“Aaaarrrggghhh …!”
Pada saat yang sama di rumah Mbah Sengut, Nuril yang semula sedang tidur sekamar bersama Nadya, tiba-tiba menjerit histeris sambil memegangi jari manis tangan kirinya yang mendadak melepuh kemerahan. Cincin yang melingkar di jari itu nampak merah membara dan mengepulkan asap. Di wajah Nuril muncul pula otot-otot hitam yang nampak jelas terlihat di bawah kulitnya yang putih.
Gerakan Nuril yang meronta-ronta di atas ranjang, membuat otot-otot hitam itu terlihat seperti akar yang sedang berusaha keluar dari kulit kepalanya. Sehingga wajah Nuril tampak seperti seorang nenek sihir yang sedang murka.
“Hi hi hi hi … aku puas … aku puas … haus darahku sudah berkurang … aku puas … hi hi hi hi …!” teriaknya sambil memukul-mukul kepalanya. Rambutnya yang tergerai sebahu itu diacak-acak dan ditarik-tarik.
“Hi hi hi … aku puas … aku akan segera bangkit …? Hi hi hi hi … bangkit … puas … hi hi hi hi …,” oceh Nuril sambil terus memukul-mukul kepalanya sendiri.
Nadya, Toni, Dandi, dan Rudi saling berpandangan. Di wajah mereka terbias sesuatu yang sulit untuk di terjemahkan. Cemas, tak mengerti, dan takut berbaur jadi satu.
“Jangan-jangan dia, oh ….” Toni tak melanjutkan kata-katanya. Ditatapnya wajah Nadya yang sedang memandang lurus ke arah Nuril yang masih tetap berteriak dan tertawa tawa aneh.
“Bangkit! … hi hi hi hi hi hi … aku akan segera bangkit …! Ho ho ha ha hi hi … aku akan bangkit … ha ha ha … bangkit … bangkit … hi hi hi hi!”
“Nuril …!” pekik Toni tanpa sadar. Dibantingnya selimut yang sedari tadi didekapnya. Ia berlari meninggalkan Nadya yang masih berdiri mematung. Air mata Nadya jatuh bercucuran.
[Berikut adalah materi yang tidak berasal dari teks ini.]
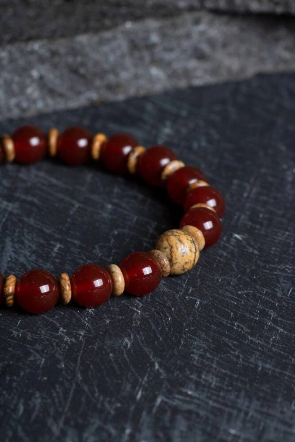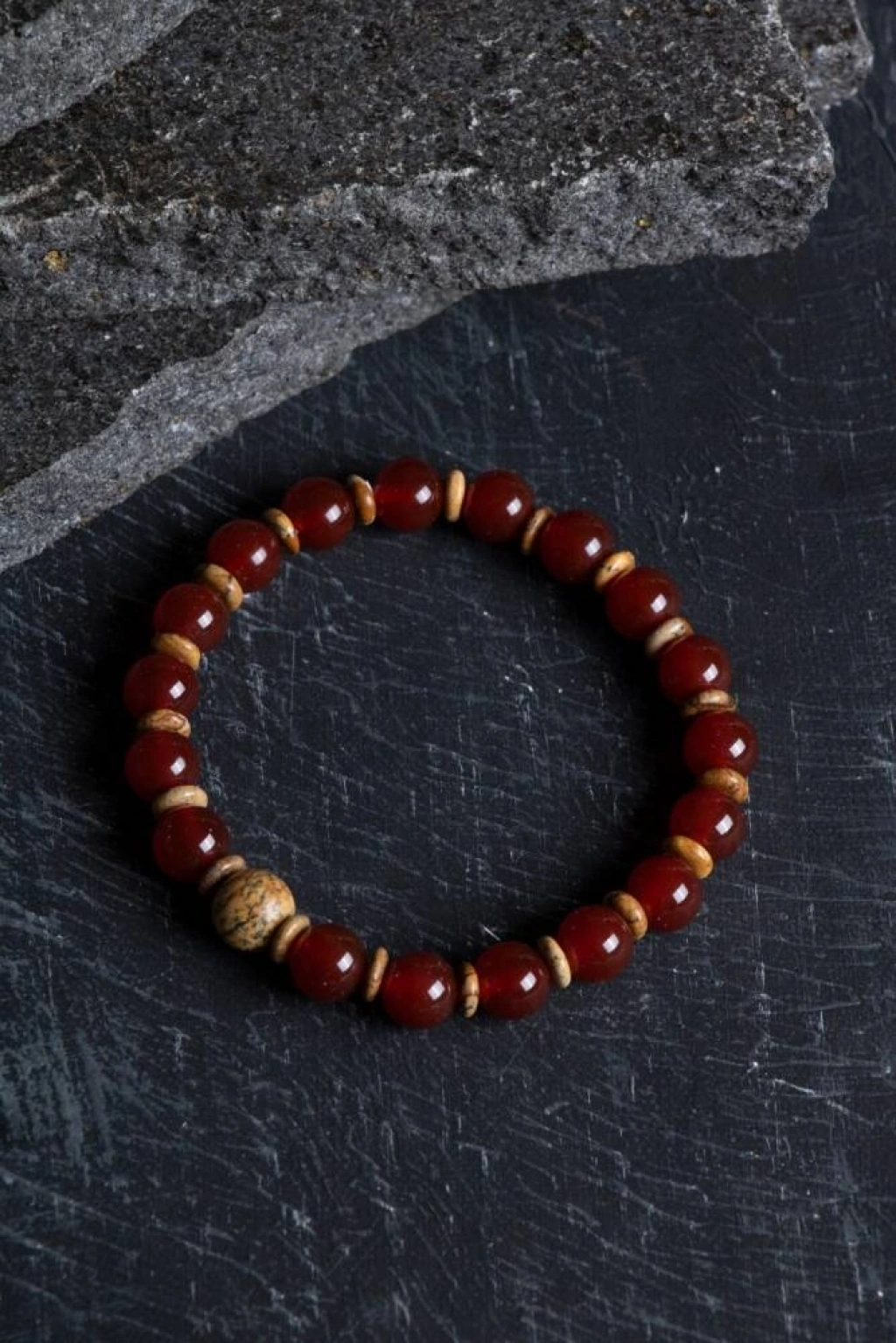 Kırmızı Akik ve Odun Jasper Doğal Taş Bileklik (Misinalı) Yaşam ateşinizi uyandırın, toprağın sabrıyla güçlenin! Canlılığın, cesaretin ve korunmanın sembolü Kırmızı Akik ile milyonlarca yıllık doğa tarihini ruhunda barındıran Odun Jasper, bu özel tasarımda bir araya geldi. Yüksek kaliteli esnek misinası sayesinde bileğinizi kusursuzca kavrayan bu bileklik, size hem fiziksel bir dinamizm kazandırır hem de hayatın karmaşası içinde bir ağaç gibi köklü ve sarsılmaz hissetmenize yardımcı olur. Bu Güçlü İkilinin Enerji Rehberi Kırmızı Akik (Canlılık ve Koruma): 'Azim Taşı' olarak bilinir. Taşıyıcısına cesaret verir, özgüveni artırır ve yaşama sevincini ateşler. Negatif enerjilere karşı güçlü bir bariyer oluştururken, kan dolaşımını ve fiziksel enerjiyi dengelediğine inanılır. Odun Jasper (Kökleşme ve İstikrar): Fosilleşmiş ağaç dokusuyla geçmişin bilgeliğini taşır. Zihni sakinleştirir, sabrı artırır ve stresi toprağa iletir. Kararlılığı pekiştirerek hedeflerinize odaklanmanızı ve her koşulda dengede kalmanızı sağlar. Tasarım ve Malzeme Detayları %100 Orijinal Doğal Taşlar: Birinci sınıf kalitede, yüksek frekanslı Kırmızı Akik ve karakteristik ahşapsı desenleriyle her biri eşsiz olan Odun Jasper taşları. Esnek ve Dayanıklı Misina: Özel yüksek mukavemetli elastik misinası sayesinde kolayca takılıp çıkarılabilir, her bilek ölçüsüne konforlu bir şekilde uyum sağlar. Sıcak Toprak Tonları: Akik taşının derin kırmızı-turuncu yansımaları ile Jasper’ın doğal kahve, krem ve toprak renkleri, doğanın en ham ve güçlü estetiğini bileğinize taşır. Unisex ve Minimalist: Hem kadınların hem de erkeklerin tarzına hitap eden, saatinizle veya diğer takılarınızla mükemmel kombinlenen zamansız bir parça. Neden Bu Bilekliği Seçmelisiniz? Eylem ve Denge Sinerjisi: Kırmızı Akik sizi harekete geçmeye teşvik ederken, Odun Jasper bu enerjiyi doğru yönetmeniz için gereken sabrı ve sükuneti verir. Günlük Enerji Desteği: Yoğun iş temposunda veya stresli anlarda kendinizi daha güçlü, odaklanmış ve korunmuş hissetmek için idealdir. Anlamlı Bir Hediye: Sevdiklerinize içsel güç, dayanıklılık ve yaşama sevinci dilemenin en doğal yolu.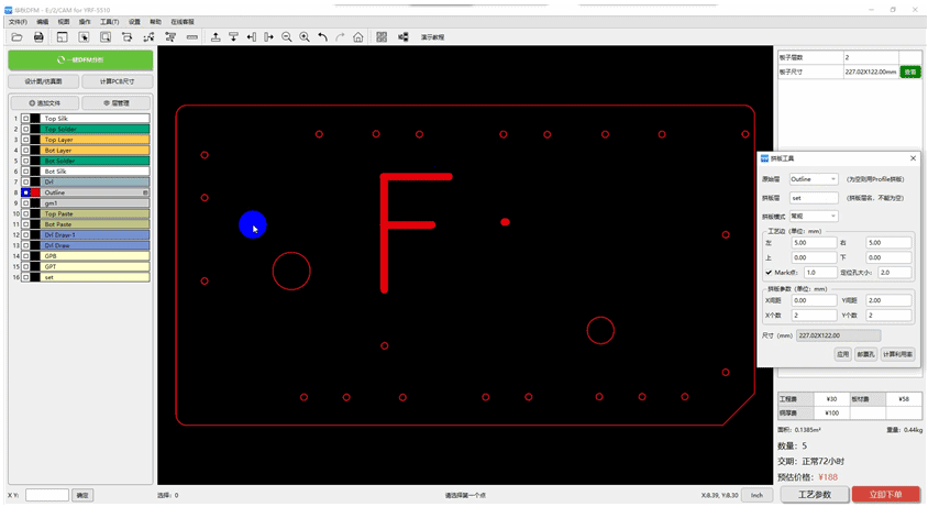 连片拼板:智能拼板工具,可自定义工艺边大小、拼板间距、拼板个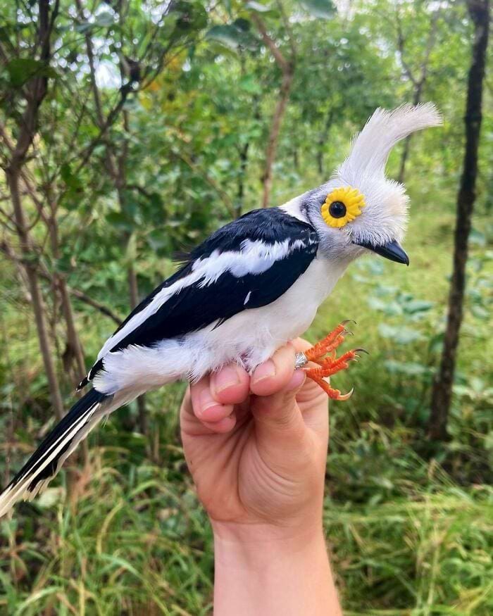 Кому-то глаза этой птички могут больше напоминать цветок рудбекии. На самом деле выглядит как поделка, сделанная руками какого-нибудь искусного мастера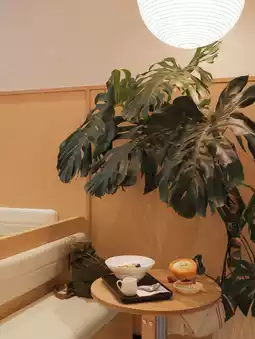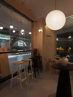 There's a bar and booths, creating a comfortable and bright atmosphere.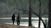 Back at the Gilbert House, Elena pops into Jeremy's room and asks him if he has time to talk. When Jeremy says yes, she tells him they should get out of the house, and walk to a lake. Once there, Elena informs him that she is adopted. Jeremy is shocked that their parents never told her, but Elena is sure that they would have eventually, had they not died. Jeremy asks her why she was too worried to tell him, and Elena confesses that she felt weird about it, going her whole life thinking she's her parents biological child, and Jeremy's biological brother. When Jeremy asks her if it bugs her that she isn't, Elena assures him that he is her brother and always will be, no matter what. Jeremy smiles, and Elena uses that opportunity to bring up his vampire paper for Alaric's class. Jeremy mentions that Alaric has been really cool about helping him raise his grades and get extra credit. Elena asks him why he chose vampires, and he blames boredom, or the possibility that he is just as mental unstable as his ancestors were. When Elena tells him that the Gilberts aren't crazy, Jeremy cracks a joke, "Easy for you to say, you're not one." Elena feigns offense and elbows him.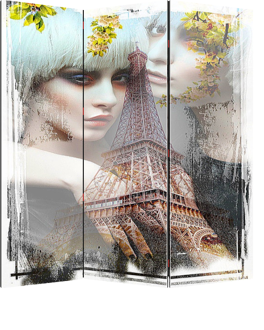 Описание ширмы Постер с изображением женского портрета на фоне знаменитой Эйфелевой башни среди цветущих веточек в стиле лофт украсит и дополнит Ваш интерьер. Прекрасно подойдет для спальни и гостиной.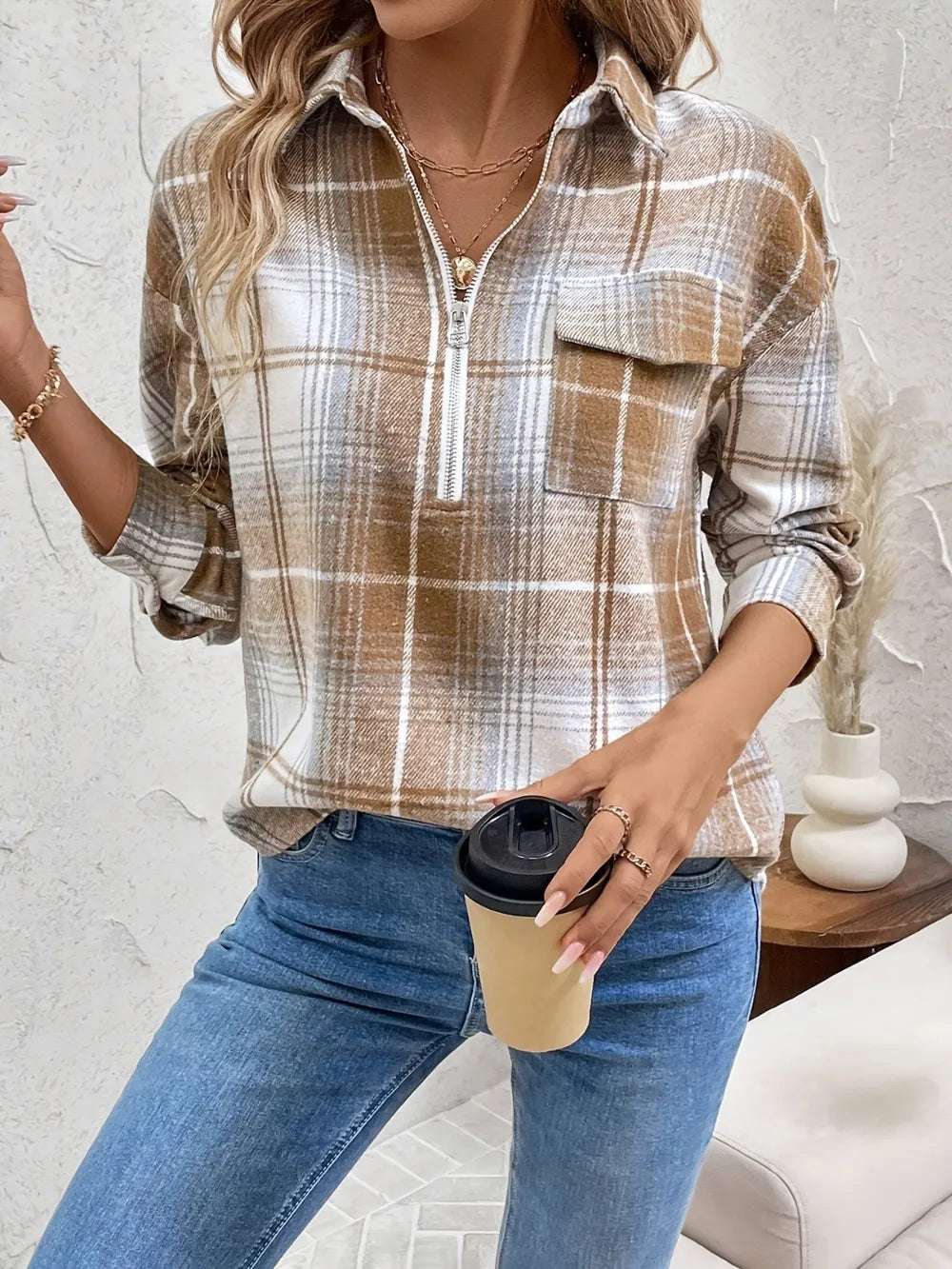 Plaid Collared Neck Half Zip Long Sleeve Top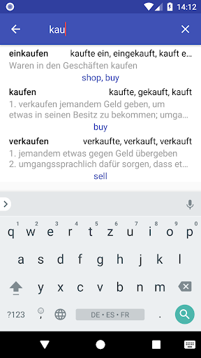 - Verbübersetzungen für: Englisch, Französisch und Spanisch.
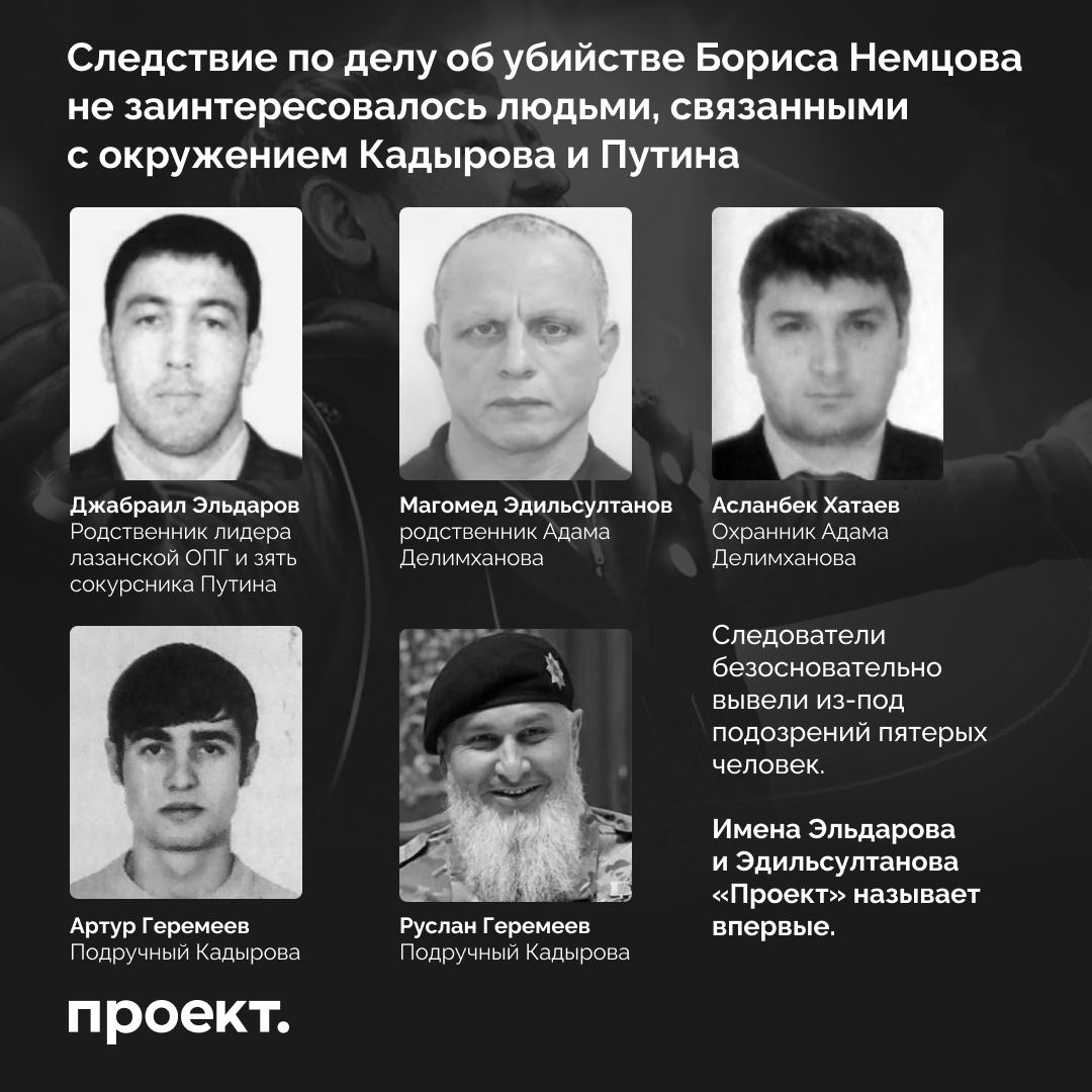 Исполнители убийства политика Бориса Немцова перед совершением преступления активно контактировали с Джабраилом Эльдаровым, Асламбеком Хатаевым и Магомедом Эдильсултановым. Ни одним из них следователи не заинтересовались, сообщает «Проект» в своем расследовании о Рамзане Кадырове.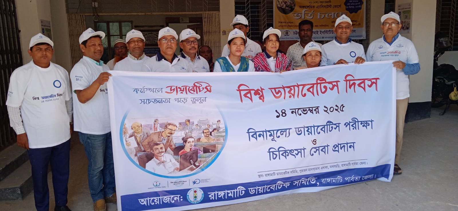 রাঙ্গামাটি:- প্রতি বছর বাংলাদেশসহ প্রায় ১৭০টি দেশে দিবসটি পালিত হয়। এবার দিবসটির প্রতিপাদ্য-‘কর্মস্থলে ডায়াবেটিস সচেতনতা গড়ে তুলুন’। জনগণকে ডায়াবেটিস সম্পর্কে সচেতন করার লক্ষ্যে ১৯৯১ সাল থেকে প্রতি বছর সারাবিশ্বে দিবসটি পালিত হচ্ছে।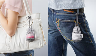 SRS-BTV5なら手のひらサイズのコンパクトボディ。内蔵充電池と、キャリングポーチでいつでも持ち歩けます。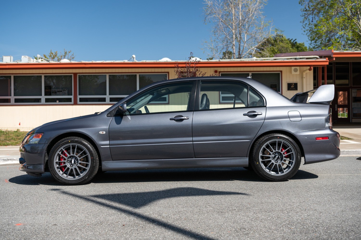 BBS 17″ forged alloy wheels wear newer 235/45 Falken Azenis FR510 tires all around. Factory equipment includes a forged aluminum suspension featuring Bilstein shocks and a front strut tower brace. Braking is handled by red-finished Brembo calipers at each corner.

Toni terus berlari dan baru berhenti di depan Nuril yang terus tertawa dan berteriak-teriak bagai orang kesurupan.
“Nuril …,” sapa Nadya lirih diantara isak tangisnya. Tangannya yang gemetar mencoba memegang lengan Nuril.
“Bangkit aku ha ha ha … bangkit hi hi hi … hu hu hu … ha ha ha …,” kata Nuril dalam tawanya yang menggelegar.
“Nuril! Tidaaak … apa maksudmu, Ril,” kata Toni terbata-bata. Tangannya terus mencoba memegang lengan Nuril, tapi dengan kasar di tepiskan berulang kali. Tangis Nadya makin keras, sementara itu Mbah Sengut dan Mbah Sadikun berjalan tergopoh-gopoh menghampiri mereka.
“Bangkit? Aku akan bangkit, ha ha ha … hi hi hi … aku bangkit … bangkit … bangkit hi hi hi … hu hu hu … bangkit hi hi hi hi …!”
“Nuril! Mengapa kau begitu?” tanya Toni seraya mengguncang-guncang pundak Nuril.
“Aku mau bangkit. Tahu?!” bentak Nuril.
Matanya yang marah menatap tajam ke arah Mbah Sengut dan Mbah Sadikun yang telah maju beberapa langkah. Kemudian Nuril tertawa lagi sambil tetap memukul-mukul kepalanya.
“Ha ha hi hi … bangkit … aku bangkit … ha ha ha… hi hi hi ….”
“Tidak mungkin! Tidak … kau tidak akan kubiarkan bangkit!” teriak Mbah Sengut dengan wajah angker.
Seketika Nuril berhenti tertawa. Matanya nyalang menatap Mbah Sengut yang masih merapal mantra. Mbah Sadikun juga membantunya dengan doa-doa.